Leaving the pictures aside, reproduce the data in full and word for word.

**SOURCE MATERIAL:**
################

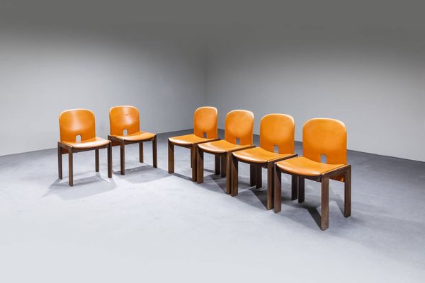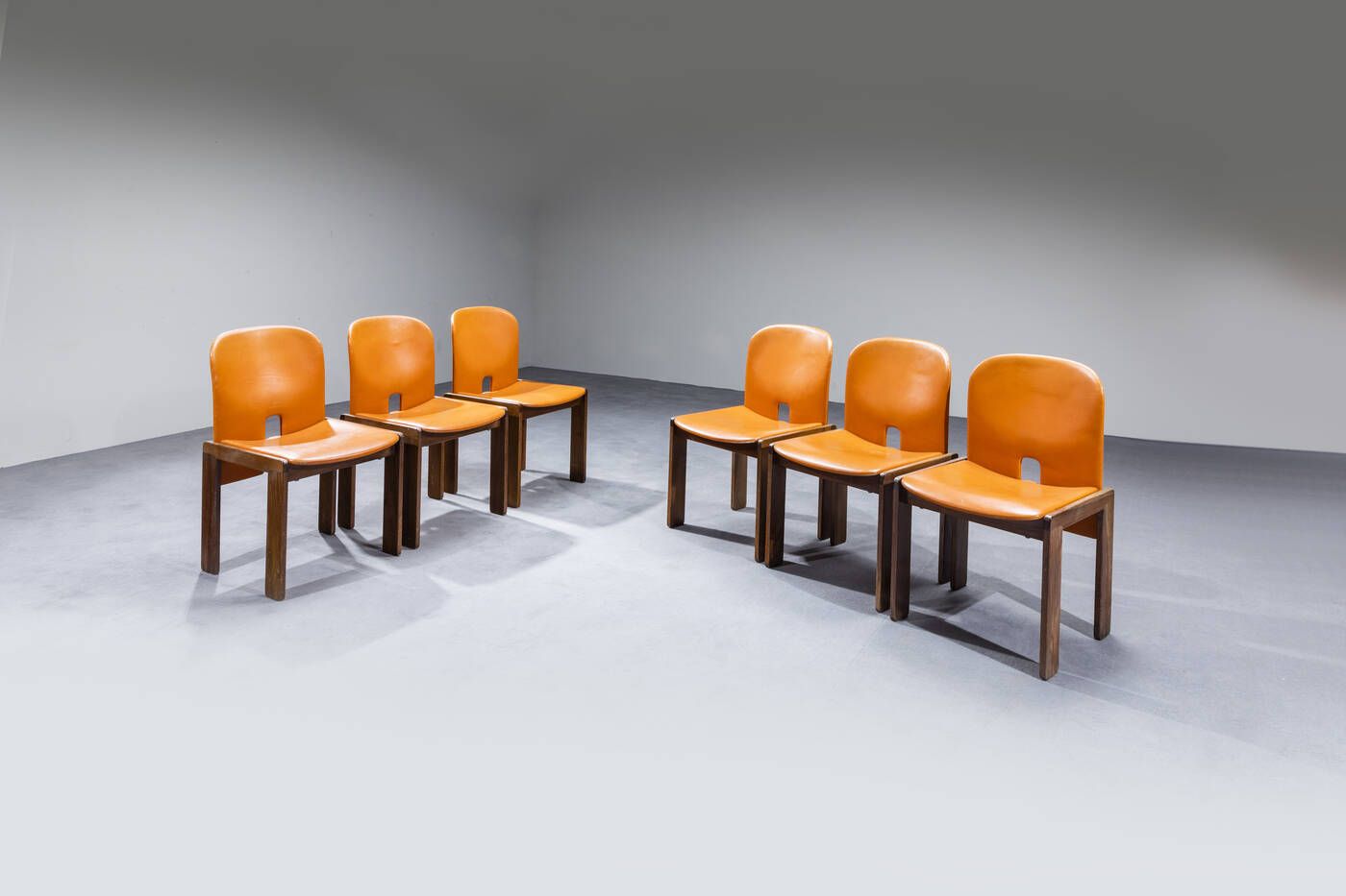 Sedie che accoppiano seduta e schienale uguali strutture portanti differenti. Prod. B&B 1974 cm 81x47 5x53 Bibl.: Giuliana Gramigna Repertorio del Design Italiano1950-2000 Allemandi 2011 pag. 223. Difetti
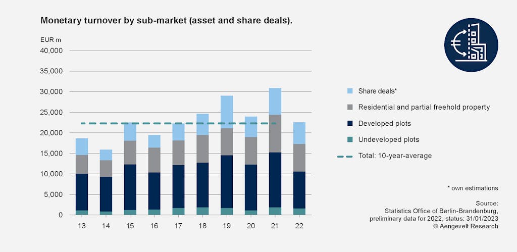 In addition to the asset deals, there is also a considerable share deal volume of around EUR 5.3 billion. The total transaction volume achieved in the Berlin real estate market in the reporting year 2022 thus amounts to around EUR 22.6 billion.
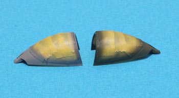 - Des tuyères de réacteurs qui sont peut être l’expression la plus évidente du traitement dilettante d’Hasegawa de cette maquette. Ces pièces nécessitent un véritable travail consistant à creuser et affiner les sorties d’air du réacteur avant de cloisonner les deux tuyères arrières. Les tuyères avant correspondent à l’éjection des gaz froids et sont normalement peintes dans les couleurs du camouflage de l’avion, tandis que les tuyères arrières correspondent à l’éjection de gaz chauds et sont métal brulé.

################

**ANSWER TO THE PROBLEM:**
 Sedie che accoppiano seduta e schienale uguali strutture portanti differenti. Prod. B&B 1974 cm 81x47 5x53 Bibl.: Giuliana Gramigna Repertorio del Design Italiano1950-2000 Allemandi 2011 pag. 223. Difetti
 In addition to the asset deals, there is also a considerable share deal volume of around EUR 5.3 billion. The total transaction volume achieved in the Berlin real estate market in the reporting year 2022 thus amounts to around EUR 22.6 billion.
 - Des tuyères de réacteurs qui sont peut être l’expression la plus évidente du traitement dilettante d’Hasegawa de cette maquette. Ces pièces nécessitent un véritable travail consistant à creuser et affiner les sorties d’air du réacteur avant de cloisonner les deux tuyères arrières. Les tuyères avant correspondent à l’éjection des gaz froids et sont normalement peintes dans les couleurs du camouflage de l’avion, tandis que les tuyères arrières correspondent à l’éjection de gaz chauds et sont métal brulé.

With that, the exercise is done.